The fifty year gold chart clearly indicates that the price of gold has shown sharp spikes in specific periods and sharp falls during other times. So what are the factors that have typically driven the international price of gold? Here are a few of them…

Between 1971 and 1980, gold prices were up nearly 20 times. This was the period marked by global geopolitical unrest. There was the breakdown of the gold standard in 1971, followed by the Arab Oil Embargo in 1973, the Israel War, Russia’s invasion of Afghanistan and the Iran-Iraq war. This political unrest resulted in investors preferring the safety of gold over financial instruments. Political unrest has been one of the key drivers of gold prices.

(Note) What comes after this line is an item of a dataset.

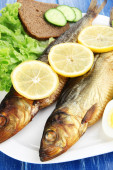 ryby wędzone na płytce z bliska
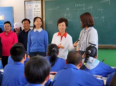 焦扬一行来到研支团队员张煜昱的英语课堂

Between 1980 and 1999 when the US and other world economies got back into the growth path, the gold lost over 60% and actually bottomed out around 1999. The second trigger has been that gold has normally moved inversely with solid GDP growth.

Between 1999 and 2007, the gold prices nearly doubled and that can be largely explained by a distinct slowdown in the US economy. Markets were getting jittery as the worries over the sub-prime crisis were beginning to build up. However, emerging markets were still outperforming and hence the rise in gold price was largely subdued.

The period from 2007 to 2011 marked a 3-fold rise in the price of gold as the Lehman crisis raised serious questions about financial investments and investors started aggressively stocking up on gold as a safe-haven option. Most central banks also started issuing currency aggressively leading to debasing of currency values. That is a typical situation when gold emerges as an alternate currency.

Post 2011, growth has gradually returned to the US and other economies. During this period the price of gold has again lost nearly 40%. A lot will now depend on how Donald Trump’s policies will pan out. If his focus is on tax cuts and infrastructure spending, then we may again see gold prices slipping.

China and India are the two major sources of gold demand, especially in terms of jewellery demand. While they do not create volatility in gold prices, 2016 saw gold prices depressed largely because Indian gold demand was at its lowest as per the World Gold Council.